(Source data Opens)

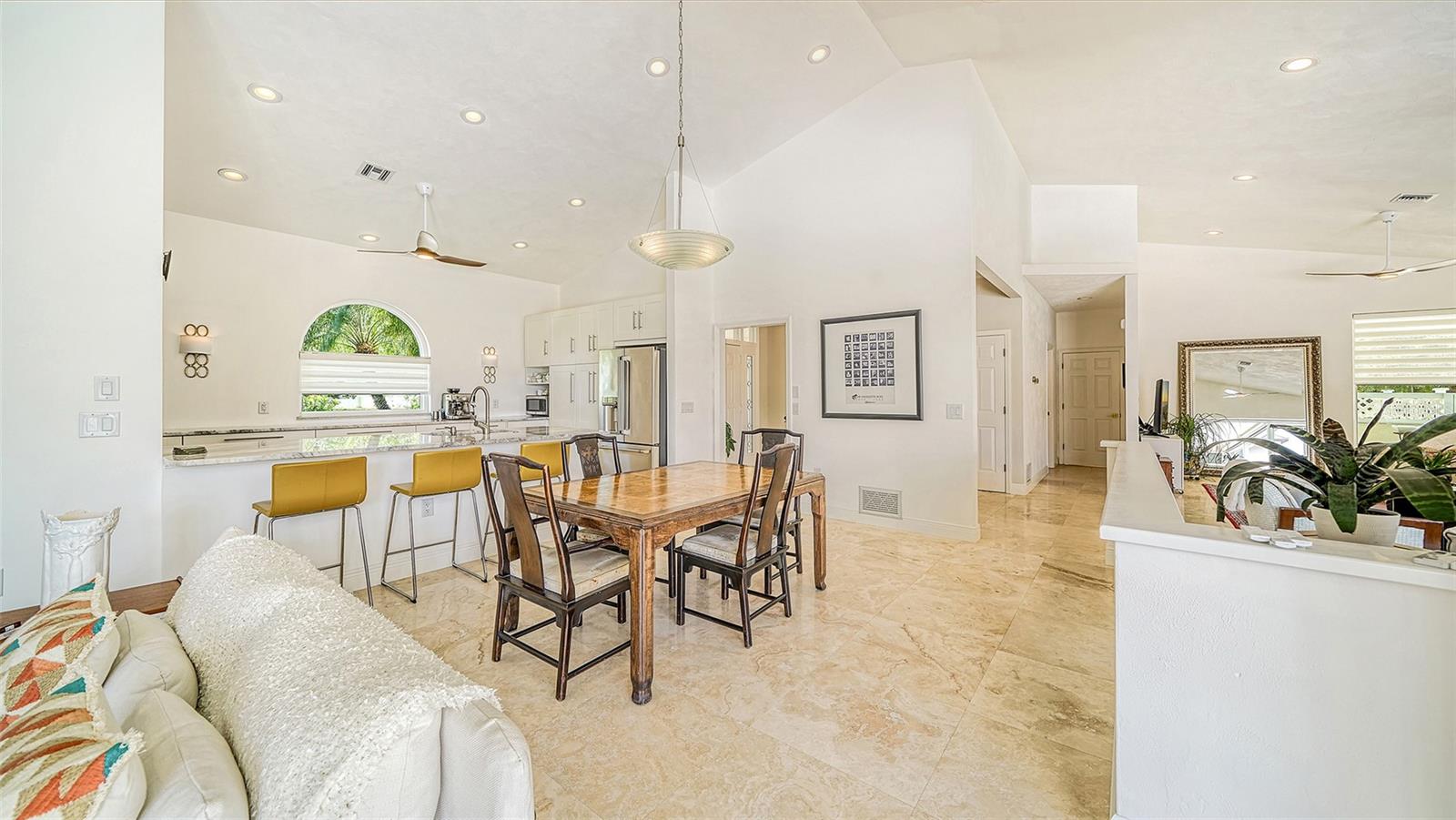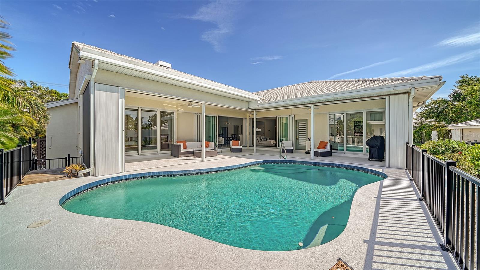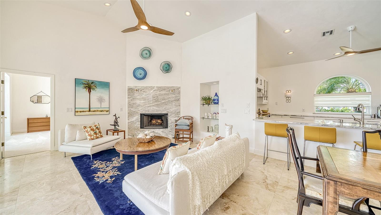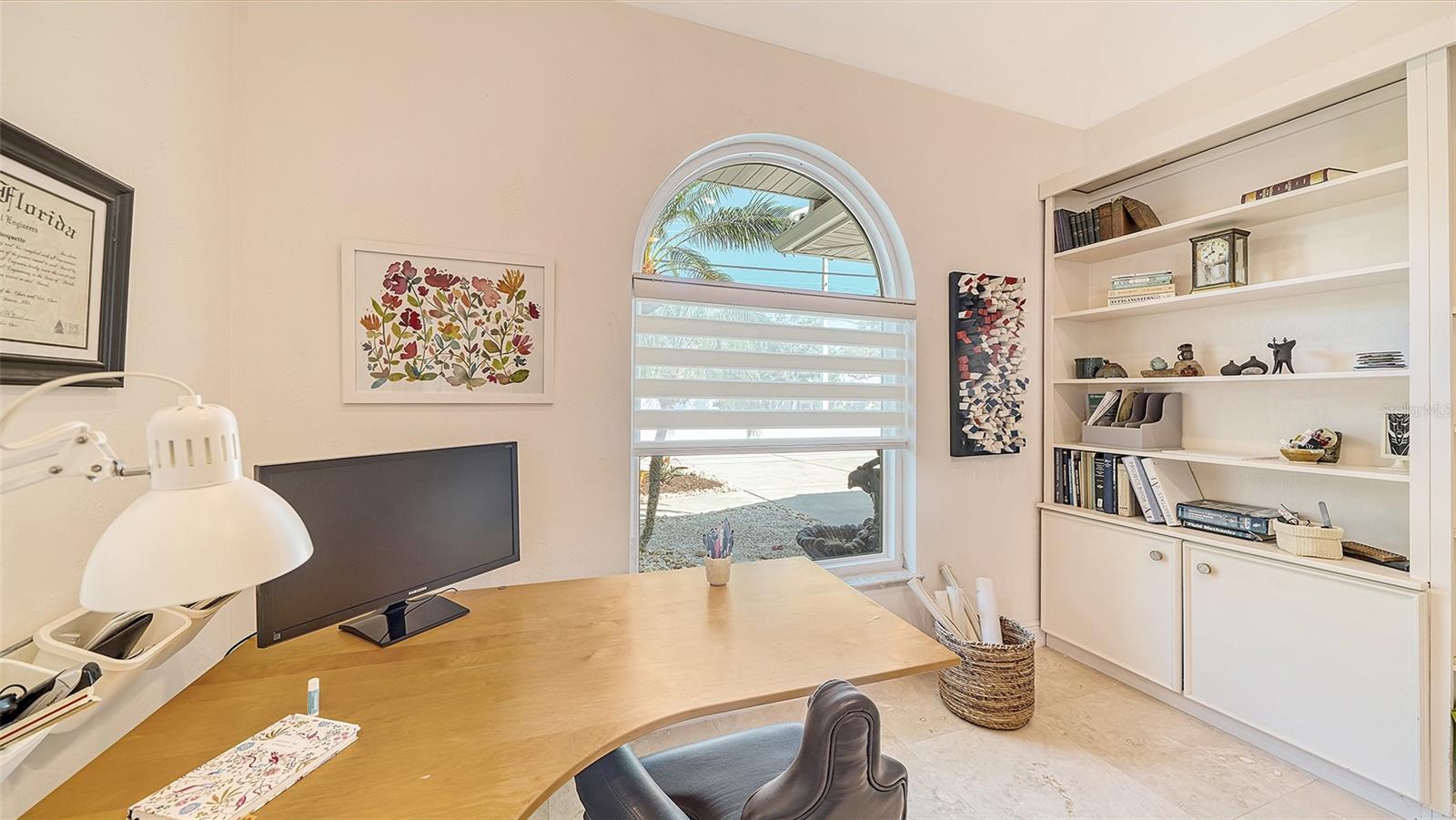 Exceptional waterfront home in a tropical oasis on a dredged canal with boat dock just a stone's throw from the bay. Easy access NO FIXED BRIDGES to the Gulf. No HOA. No deed restrictions. Room for your camper and boats. This neighborhood is exploding in value. Around the corner from Nokomis Beach on Casey Key. So many luxury homes under construction on this street. This dazzling home is full of light with new Low-E impact windows and insulated sliders to catch the view. You will appreciate the comfortable floor plan. Relax by the pool overlooking your boat dock and enjoy the view from almost every room. Deck railing surround maximizes the view. Electronic remote-controlled solar shades afford privacy and give you the effect of a screened porch. They can retract at the touch of a button. The new gourmet kitchen will delight any cook. Top-of-the-line appliances with granite countertops. 36-inch Verona range with induction cooktop and convection oven. Luxurious primary suite has the longest views. Its en-suite bath has a new tiled glassed-in shower and an elegant new soaking tub for the spa experience. Dual sinks with luxurious vanity. The primary dressing room is enormous and newly fitted to accommodate any wardrobe. The open plan feels even more spacious with its soaring ceilings and new Philips HUE LED smart lighting. "Haiku" fans are sleek, all controlled by your mobile device. So many smart home features operate from anywhere. 24-by-24-inch travertine flooring is luxurious, easy-care and cool underfoot. Wood-burning fireplace has a grand marble surround. The two-bedroom guest wing overlooks the pool with the pool bath. It will be hard to run out of closet space in this home. The fourth bedroom is currently a home office connected to the half-bath. A large laundry room with separate entrance. Garage over 1,000 square feet. So much room for hobbies or up to five cars. There's even a home gym included. The landscape architect-designed, Florida-friendly tropical gardens are curated to provide privacy for every room. You'll be delighted to find the waterfront grotto next to the dock. A cozy place to wait for your boat to come in! So many delights await. Call today to experience this exceptional property for yourself.
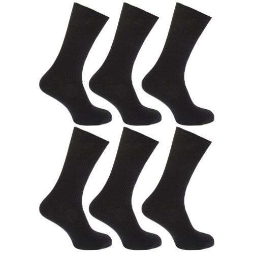 6 paia di Mens 100% Cotone LARGA Largo Top A coste Calze Non Elastiche by ALER / numeri UK 6-11 e 11-13 - cotone, Nero, 100% cotone, Donna, 6-11
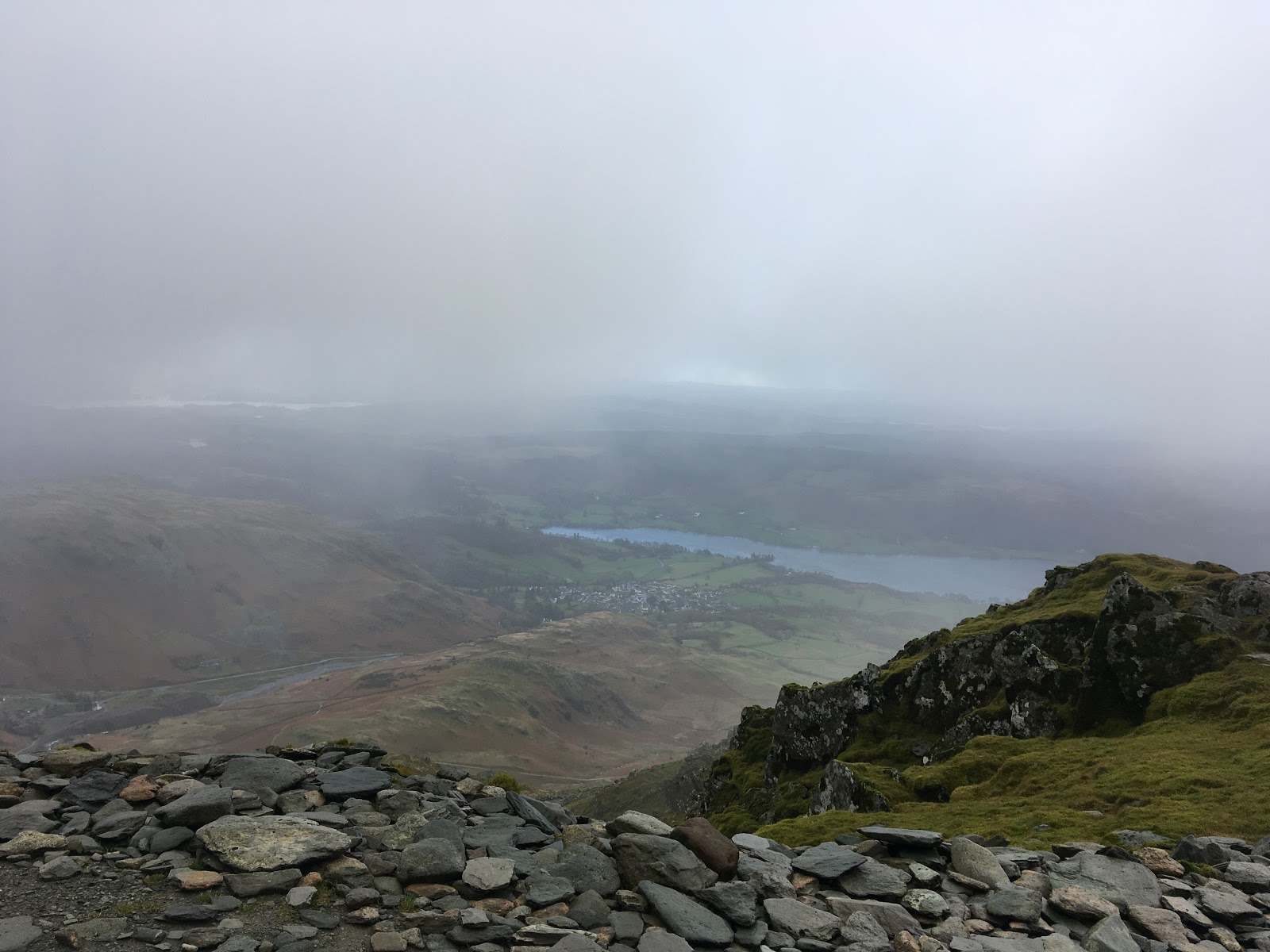 After a couple of exciting river crossings, (or Becks, as they say around these parts), we reached the very windy summit of the Old Man of Coniston, where we got some fleeting glimpses of Coniston down on the far side.

(Source data Closes)

Instructions for the task
All the data above is to be transcribed exactly, with no pictures included.

Answer to this task
 Exceptional waterfront home in a tropical oasis on a dredged canal with boat dock just a stone's throw from the bay. Easy access NO FIXED BRIDGES to the Gulf. No HOA. No deed restrictions. Room for your camper and boats. This neighborhood is exploding in value. Around the corner from Nokomis Beach on Casey Key. So many luxury homes under construction on this street. This dazzling home is full of light with new Low-E impact windows and insulated sliders to catch the view. You will appreciate the comfortable floor plan. Relax by the pool overlooking your boat dock and enjoy the view from almost every room. Deck railing surround maximizes the view. Electronic remote-controlled solar shades afford privacy and give you the effect of a screened porch. They can retract at the touch of a button. The new gourmet kitchen will delight any cook. Top-of-the-line appliances with granite countertops. 36-inch Verona range with induction cooktop and convection oven. Luxurious primary suite has the longest views. Its en-suite bath has a new tiled glassed-in shower and an elegant new soaking tub for the spa experience. Dual sinks with luxurious vanity. The primary dressing room is enormous and newly fitted to accommodate any wardrobe. The open plan feels even more spacious with its soaring ceilings and new Philips HUE LED smart lighting. "Haiku" fans are sleek, all controlled by your mobile device. So many smart home features operate from anywhere. 24-by-24-inch travertine flooring is luxurious, easy-care and cool underfoot. Wood-burning fireplace has a grand marble surround. The two-bedroom guest wing overlooks the pool with the pool bath. It will be hard to run out of closet space in this home. The fourth bedroom is currently a home office connected to the half-bath. A large laundry room with separate entrance. Garage over 1,000 square feet. So much room for hobbies or up to five cars. There's even a home gym included. The landscape architect-designed, Florida-friendly tropical gardens are curated to provide privacy for every room. You'll be delighted to find the waterfront grotto next to the dock. A cozy place to wait for your boat to come in! So many delights await. Call today to experience this exceptional property for yourself.
 6 paia di Mens 100% Cotone LARGA Largo Top A coste Calze Non Elastiche by ALER / numeri UK 6-11 e 11-13 - cotone, Nero, 100% cotone, Donna, 6-11
 After a couple of exciting river crossings, (or Becks, as they say around these parts), we reached the very windy summit of the Old Man of Coniston, where we got some fleeting glimpses of Coniston down on the far side.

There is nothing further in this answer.